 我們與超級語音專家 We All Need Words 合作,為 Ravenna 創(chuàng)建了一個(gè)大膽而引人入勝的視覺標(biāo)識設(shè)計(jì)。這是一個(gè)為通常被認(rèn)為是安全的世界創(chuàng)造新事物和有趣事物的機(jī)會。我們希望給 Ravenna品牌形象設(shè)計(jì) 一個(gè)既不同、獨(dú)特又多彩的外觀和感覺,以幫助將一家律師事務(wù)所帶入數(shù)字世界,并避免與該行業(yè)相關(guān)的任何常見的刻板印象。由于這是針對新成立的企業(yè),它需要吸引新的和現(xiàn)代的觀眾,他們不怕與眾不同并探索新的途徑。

==

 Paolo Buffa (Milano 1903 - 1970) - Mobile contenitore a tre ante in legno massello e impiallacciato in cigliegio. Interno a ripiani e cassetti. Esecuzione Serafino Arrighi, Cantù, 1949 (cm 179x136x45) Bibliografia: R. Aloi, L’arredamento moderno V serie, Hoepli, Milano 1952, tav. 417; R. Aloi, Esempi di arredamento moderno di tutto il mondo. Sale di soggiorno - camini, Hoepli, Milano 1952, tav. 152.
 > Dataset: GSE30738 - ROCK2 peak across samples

*YOUR INSTRUCTIONS:* Everything above from the line containing "Paolo Buffa (Milano" down to the line containing "peak across samples" is to be transcribed exactly, with both of those lines included and nothing else added.

*ANSWER FOR THIS EXERCISE:*
 Paolo Buffa (Milano 1903 - 1970) - Mobile contenitore a tre ante in legno massello e impiallacciato in cigliegio. Interno a ripiani e cassetti. Esecuzione Serafino Arrighi, Cantù, 1949 (cm 179x136x45) Bibliografia: R. Aloi, L’arredamento moderno V serie, Hoepli, Milano 1952, tav. 417; R. Aloi, Esempi di arredamento moderno di tutto il mondo. Sale di soggiorno - camini, Hoepli, Milano 1952, tav. 152.
 > Dataset: GSE30738 - ROCK2 peak across samples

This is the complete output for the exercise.